*Work instructions*:
If a line holds an image, leave the image out; write out everything else in the records exactly.

*Records to process*:

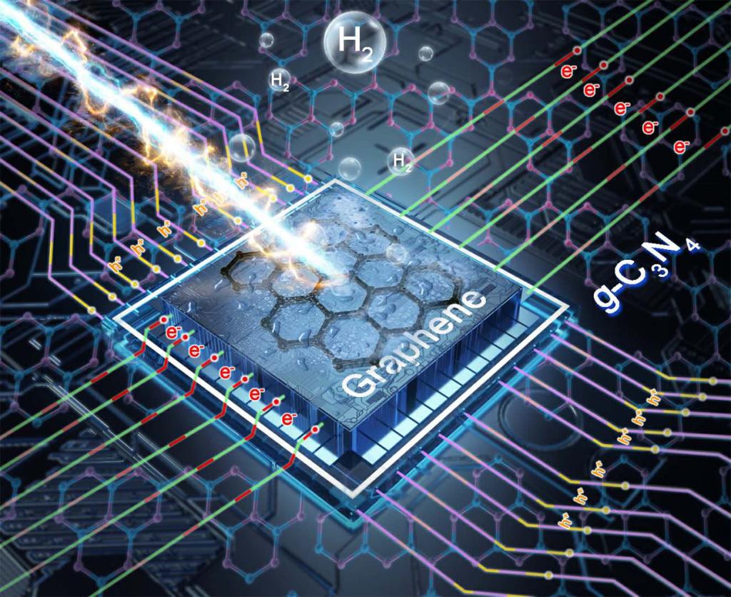 该研究报道了以g-C3N4三角孔洞处的sp2杂化N原子为生长位点,在g-C3N4上原位生长石墨烯,在石墨烯和g-C3N4之间形成紧密无障碍的连接,由于石墨烯和g-C3N4之间正负电荷中心不重叠,从而形成自发极化电场,打破光生电荷间库伦场的束缚,促进光生电荷在空间上的分离和转移。因而在太阳能燃料光催化转化过程中,高效地实现氢燃料的合成,并连续释放氢气泡。
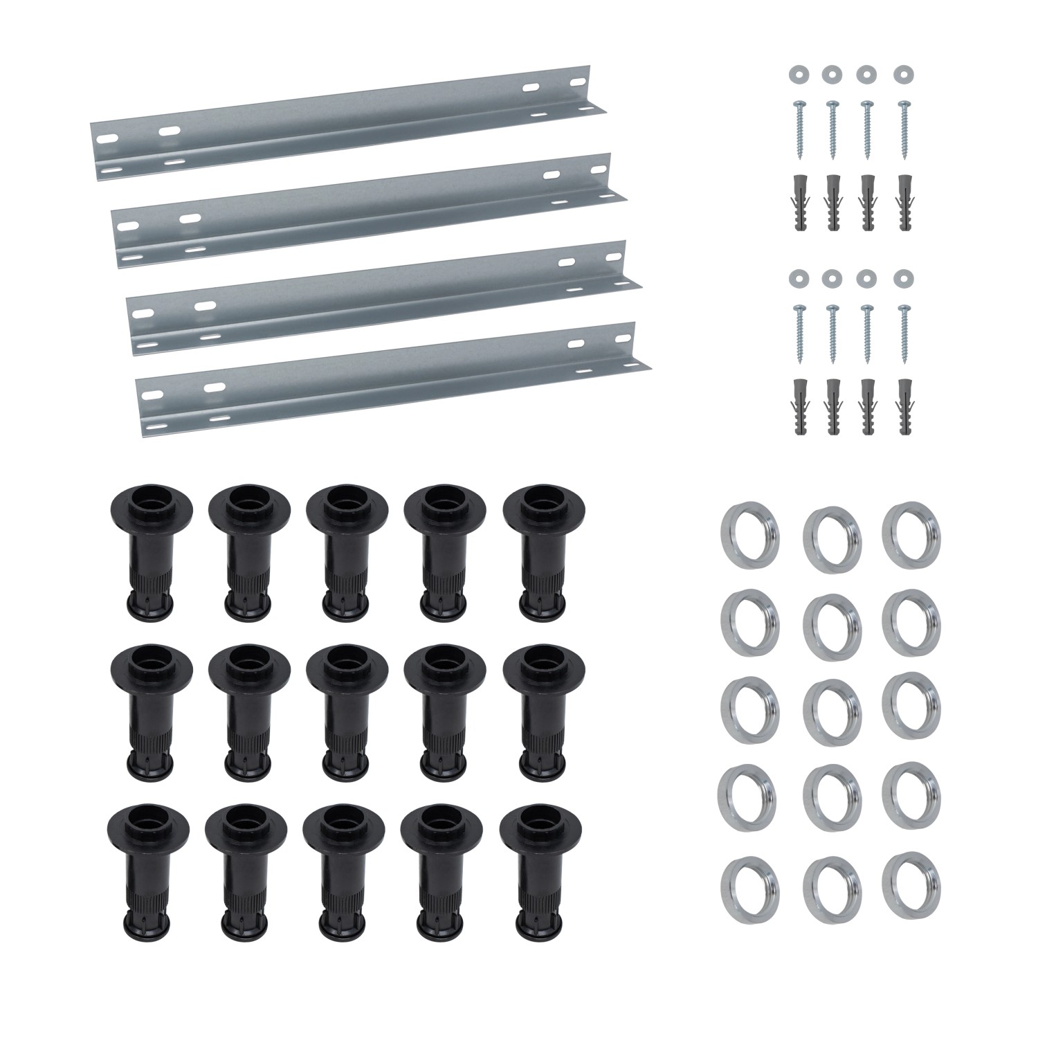 Set bestehend aus: - 15 Füßen und - 4 Montageschienen
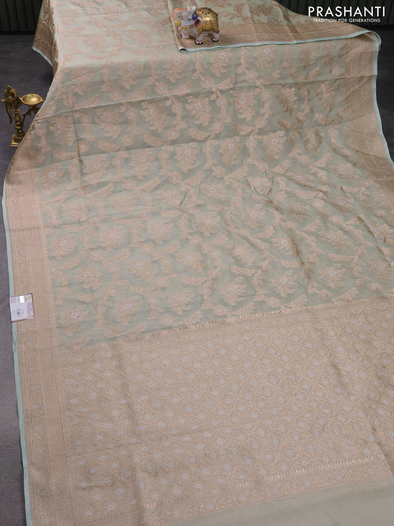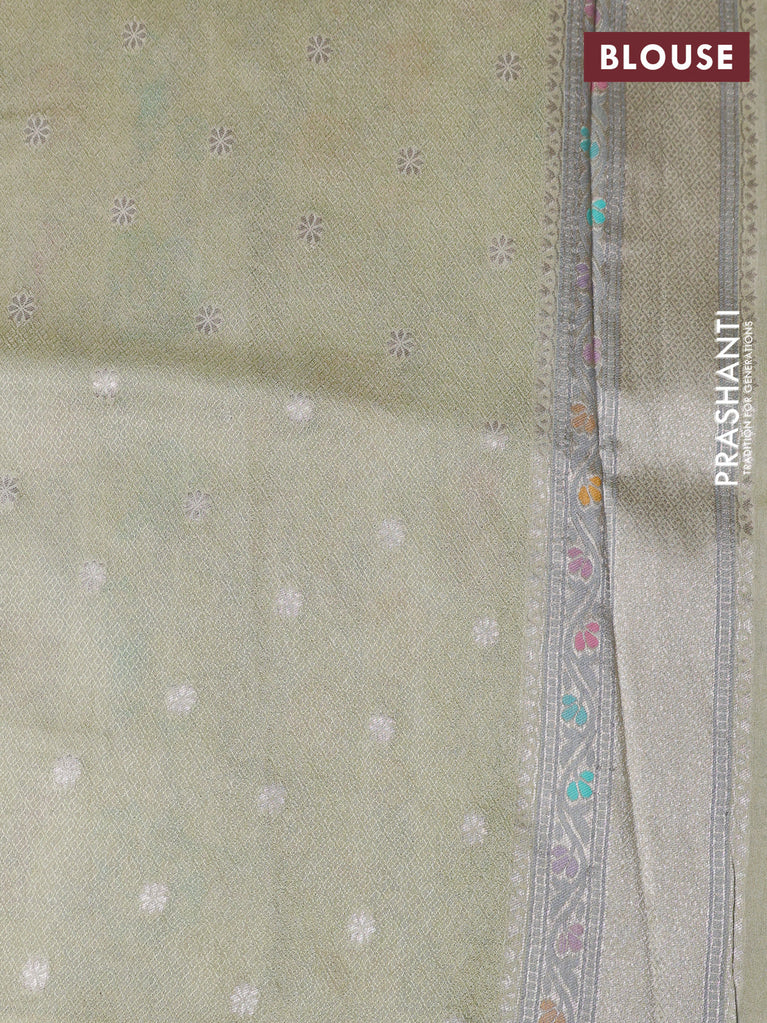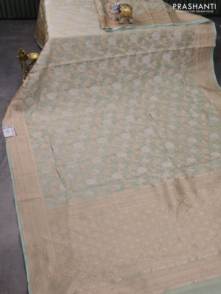 Banarasi tissue silk saree greyish green with allover silver & gold zari weaves and zari woven border
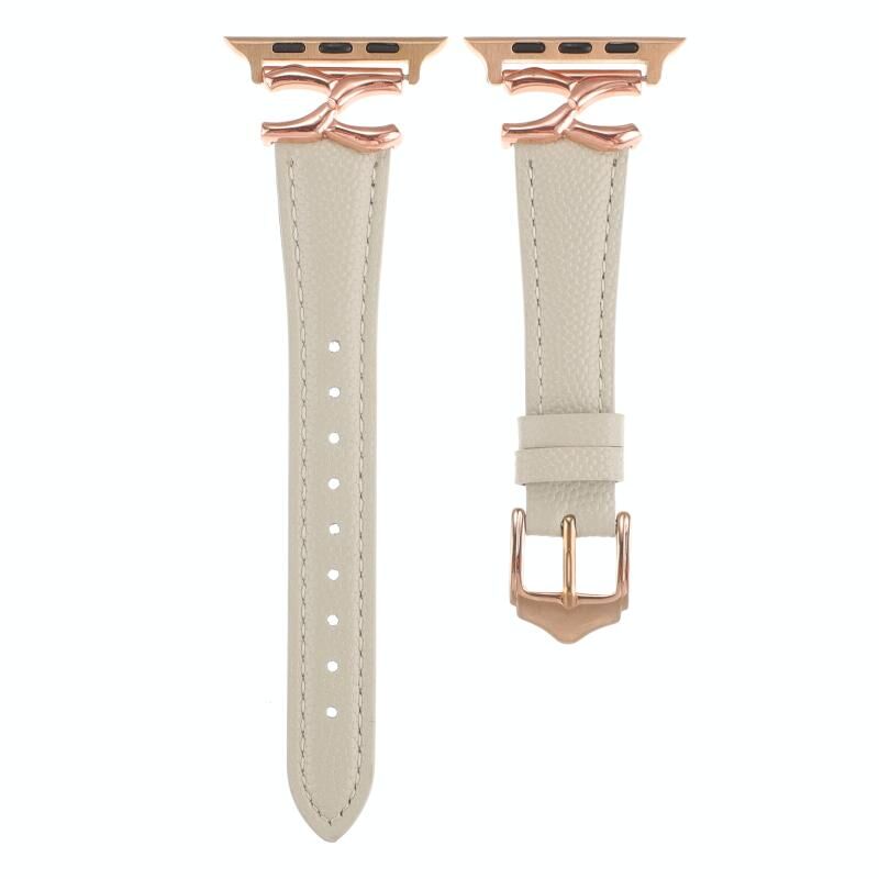 Για Apple Watch 42mm / 41mm / 40mm / 38mm Λουράκι ρολογιού από γνήσιο δέρμα με αγκράφα σε σχήμα Χ (Μπεζ)
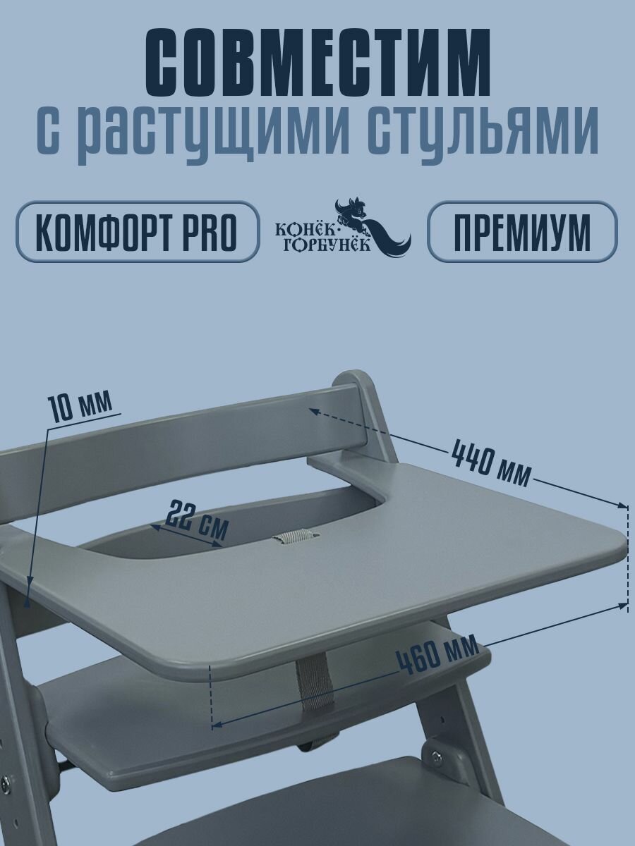 Купить Столик для кормления для растущего стула Конек Комфорт, Премиум Серый с доставкой по всей России. Столик для кормления для растущего стула Конек Комфорт, Премиум Серый: сравнение цен, характеристики, фото, актуальное наличие и цены.

*Exercise result*:
 该研究报道了以g-C3N4三角孔洞处的sp2杂化N原子为生长位点,在g-C3N4上原位生长石墨烯,在石墨烯和g-C3N4之间形成紧密无障碍的连接,由于石墨烯和g-C3N4之间正负电荷中心不重叠,从而形成自发极化电场,打破光生电荷间库伦场的束缚,促进光生电荷在空间上的分离和转移。因而在太阳能燃料光催化转化过程中,高效地实现氢燃料的合成,并连续释放氢气泡。
 Set bestehend aus: - 15 Füßen und - 4 Montageschienen
 Banarasi tissue silk saree greyish green with allover silver & gold zari weaves and zari woven border
 Για Apple Watch 42mm / 41mm / 40mm / 38mm Λουράκι ρολογιού από γνήσιο δέρμα με αγκράφα σε σχήμα Χ (Μπεζ)
 Купить Столик для кормления для растущего стула Конек Комфорт, Премиум Серый с доставкой по всей России. Столик для кормления для растущего стула Конек Комфорт, Премиум Серый: сравнение цен, характеристики, фото, актуальное наличие и цены.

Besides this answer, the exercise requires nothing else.